RTKs constitute a broad family of receptors frequently deregulated in cancer, with over-expression (‘over-production’), leading to aberrant signaling, often observed. Ryk is expressed on many cell types in cancer, including epithelial cells and connective tissue stroma and vessels. Indeed, one study has shown that over-expression of human Ryk in epithelial ovarian cancer is strongly correlated to overall survival and progression free survival. The Eph receptors are also frequently expressed in a range of human cancers, and seem to play a key role in tumor cell migration, invasion and metastasis. Thus it is possible that Ryk also contributes to cancer growth and spread by facilitating the oncogenic activity of Eph receptors⁽⁵⁾.

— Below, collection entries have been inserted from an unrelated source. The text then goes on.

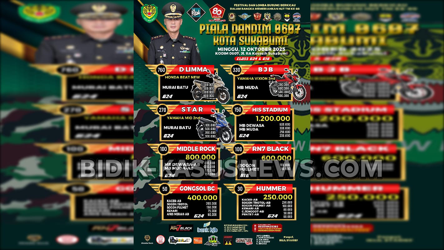 SUKABUMI-BIDIK-KASUSNEWS.COM- Dalam rangka memperingati Hari Ulang Tahun (HUT) ke-80 Tentara Nasional Indonesia (TNI), Kodim 0607/Kota Sukabumi akan menggelar Festival dan Lomba Burung Berkicau Piala Dandim 0607, pada Minggu, 12 Oktober 2025, di Makodim 0607, Jalan R.A. Kosasih, Kota Sukabumi. Kegiatan ini menjadi bagian dari rangkaian perayaan HUT TNI yang bertujuan mempererat silaturahmi antara TNI dan masyarakat, sekaligus memberikan ruang positif bagi komunitas pecinta burung berkicau di Sukabumi dan sekitarnya. Festival yang diperkirakan diikuti ratusan peserta dari berbagai daerah tersebut akan menampilkan sejumlah kelas bergengsi, di antaranya D LIMA, BJB, STAR, HIS STADIUM, MIDDLE ROCK, RN7 BLACK, GONSOL BC, dan HUMMER. Para peserta akan memperebutkan hadiah menarik senilai jutaan rupiah, termasuk hadiah utama berupa sepeda motor. Komandan Kodim 0607/Kota Sukabumi, Letkol Czi Indra Gunawan, mengatakan bahwa kegiatan ini bukan sekadar lomba, melainkan wadah kebersamaan antara TNI dan masyarakat. “Festival ini kami gelar bukan hanya untuk mencari juara, tapi juga untuk mempererat silaturahmi dan menumbuhkan semangat kebersamaan. Kami ingin momentum HUT TNI ke-80 ini membawa manfaat bagi seluruh masyarakat,” ujarnya, Jumat (10/10/2025). Selain menjadi hiburan rakyat, kegiatan ini juga diharapkan dapat menumbuhkan semangat nasionalisme, disiplin, dan sportivitas yang sejalan dengan nilai-nilai luhur TNI. Letkol Indra menegaskan, pihaknya telah menyiapkan pelaksanaan kegiatan secara tertib, aman, dan kondusif. “Mari rayakan HUT TNI dengan semangat kebersamaan. Menang bukan tujuan utama, yang penting kita mempererat silaturahmi dan menjaga kekompakan,” tambahnya. Dengan dukungan berbagai komunitas kicau mania, lomba burung berkicau Piala Dandim 0607/Kota Sukabumi dipastikan menjadi salah satu event paling meriah dalam peringatan HUT TNI ke-80 tahun 2025. (Usep).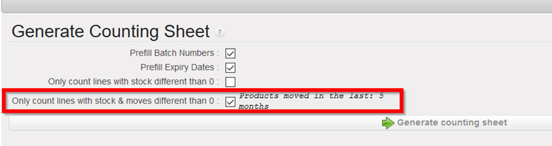 Its possible to specify system should add products with movements in the last X months. and the same number of months specified to add products can be used to filter and display also the batches of the added products based on this timed selection. Where user has added products specifying products with movements in the last 5 months, this would be the default option ticked in the 4th checkbox on the “Generate Counting sheet” pop-up and only batches which have been moved in the last 5 months will be displayed in the counting sheet.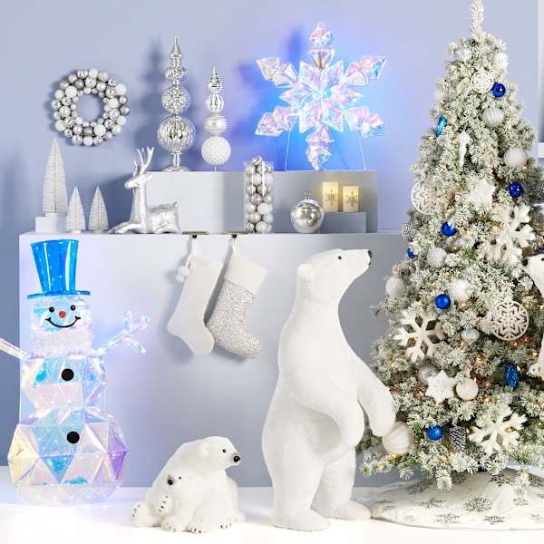 Invite wintry charm into your home with the 18in. Silver White Polar Bear with Baby. This Christmas animal decoration features a serene white bear and cub with a subtle silver shimmer that brightens mantels, shelves, and entryways. Crafted from polyester, the figurine blends smoothly with winter decor and modern holiday palettes. Style it with twinkle lights or evergreen garland for a cozy, snow-kissed scene. A heartwarming polar bear figurine that brings calm, festive spirit all season long.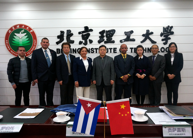12月14日上午,古巴哈瓦那大學副校長Hilda Leon一行訪問北京理工大學,北理工常務副校長楊賓在2號辦公樓會見了外賓。哈瓦那大學財務處處長Roberto Naveira Brito、古巴駐華使館教育專員Augusto Fajardo González以及北理工國際交流合作處處長唐水源、副處長高珊、項目專員彭姝、外語學院曾艷老師參加了會見。

RYK as a Therapeutic Target

LICR investigators at the Melbourne Branch have generated antibodies that bind to the extracellular region of the Ryk receptor. The aim now is to generate antibodies that bind to Ryk and potentially block its interaction with other receptors. Other receptor modulators being considered as potential therapeutics are ‘ligand-traps’, which bind to ligands for Ryk (when identified) and the Eph receptors to prevent their activation. As more information is gained about the activation and function of Ryk, LICR continues to further explore the potential targeting of this pathway to inhibit the growth and spread of cancer.

References

1. Hovens C.M., Stacker S.A., Andres A.C., Harpur A.G., Ziemiecki A., and Wilks A.F. RYK, a receptor tyrosine kinase-related molecule with unusual kinase domain motifs. Proc.Natl.Acad.Sci.U.S.A (1992) 89(24):11818-11822.
2. Stacker S.A., Hovens C.M., Vitali A., Pritchard M.A., Baker E., Sutherland G.R., and Wilks A.F. Molecular cloning and chromosomal localisation of the human homologue of a receptor related to tyrosine kinases (RYK). Oncogene (1993) 8(5):1347-1356.
3. Halford M.M., Oates A.C., Hibbs M.L., Wilks A.F., and Stacker S.A. Genomic structure and expression of the mouse growth factor receptor related to tyrosine kinases (Ryk). J.Biol.Chem. (1999) 274(11):7379-7390.
4. Halford M.M., Armes J., Buchert M., Meskenaite V., Grail D., Hibbs M.L., Wilks A.F., Farlie P.G., Newgreen D.F., Hovens C.M., and Stacker S.A. Ryk-deficient mice exhibit craniofacial defects associated with perturbed Eph receptor crosstalk. Nat.Genet. (2000) 25(4):414-418.
5. Halford M.M. and Stacker S.A. Revelations of the RYK receptor. Bioessays (2001) 23(1):34-45.